The Securities Commission (SC) today released its Guidelines on Initial Public Offerings and Listings on the MESDAQ Market of Bursa Malaysia Securities Berhad (MESDAQ IPO Guidelines), which replace the admission requirements stipulated in the Bursa Malaysia Securities Berhad (Bursa) Listing Requirements for the MESDAQ Market.
The new MESDAQ IPO Guidelines are available on the SC website here and are effective immediately.
The Guidelines reaffirm MESDAQ’s original objective of allowing qualified technology-based and high growth companies to raise funds from the capital market for business development. As at 28 November 2005, a total of 105 companies are listed on the MESDAQ Market, raising approx imately RM1.6 billion from IPO exercises.
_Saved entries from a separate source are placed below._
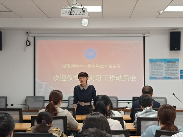 第一实习队在雅礼麓谷中学门口集合并拍照留影,之后前往行政楼二楼会议室参加雅礼麓谷中学举办的“湖南师大2017级本科生来校实习欢迎仪式暨实习工作动员会”。会议中,雅礼麓谷中学副校长进行发言,首先他代表雅礼麓谷对实习队的到来表示欢迎,其后强调实习的重要性,认为实习是当老师上岗前的培训,最后他对本校老师和实习老师都提出了几点要求:本校老师要做到倾囊相授、言传身教以及实习老师要严格遵守本校与实习队的纪律、重视安全问题以及不溺爱学生要同学生一起提升自我。实习指导老师成丽,对此次实习机会表示了感谢。
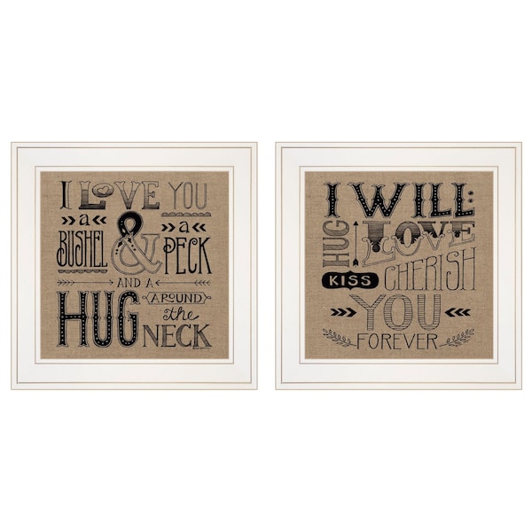 The set of two hugs or forever 1 white framed print wall art is the perfect decorative accessory for your home. This print is a visual artistic expression that allows you to decorate your space in style. Reproduced for you on paper, this hanging decorative accent will be a trendy and fashionable way to dress your walls. Adding this hanging wall art to your space to make your room feel more finished and attractive. Instantly liven up your space with this art that brings color and dimension to your walls. 15-inch H x 15-inch W x 1-inch D
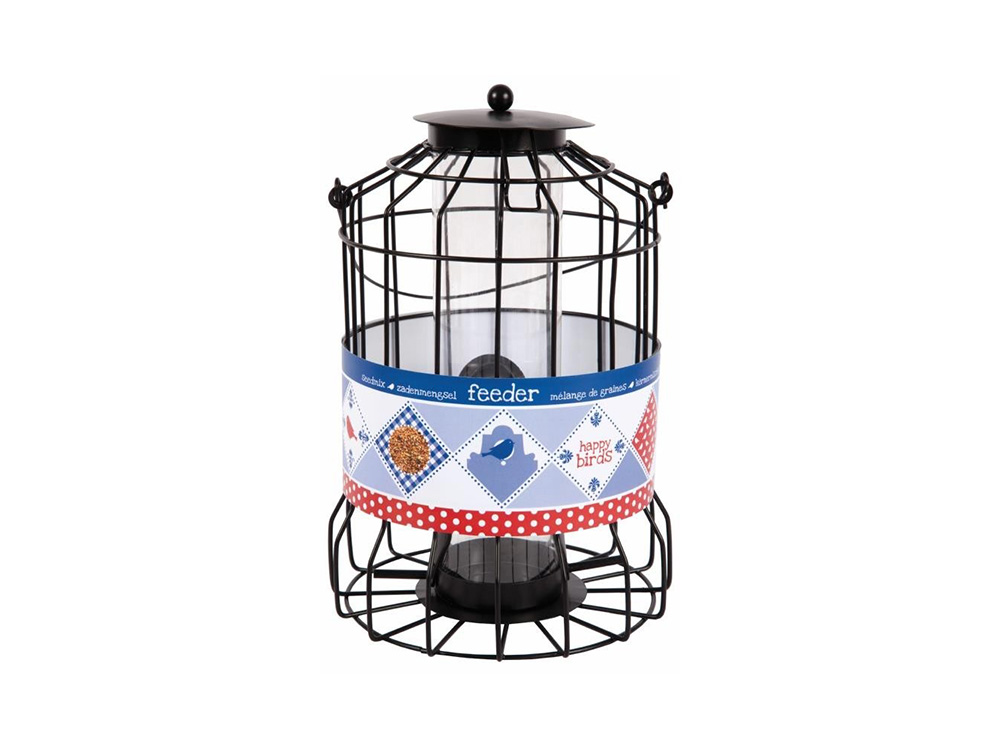 Ce silo innovant pour semences permet uniquement aux petits oiseaux de manger la nourriture. La cage protectrice autour du silo tient à distance les corbeaux, les pies, les choucas et d’autres grands oiseaux. Avec quatre ouvertures, les petits oiseaux peuvent facilement accéder à la graine.

Such proceeds have been mainly applied towards business expansion and research and development initiatives.
The thrust of these latest Guidelines is to promote quality companies on Bursa Malaysia and to continue to leverage on the uniqueness of the MESDAQ Market as a fund raising platform for young and dynamic companies that represent the engines of economic growth for Malaysia.
The enhanced requirements in the Guidelines, which are aimed at improving the investibility of MESDAQ companies, focus on the following key areas:
|Qualitative attributes to be demonstrated by the potential issuers;|
|Price-discovery process and method of distribution of securities;|
|Corporate governance, commitment and accountability of directors and promoters; |
|Role of advisers as quality controllers; and |
|Consistency of requirements between the MESDAQ Market and the Main Market (i.e. Main and Second Boards) in areas which are common to both markets.|
The SC will continue to place great importance on the feasibility of business plans of potential issuers and their value proposition to the market.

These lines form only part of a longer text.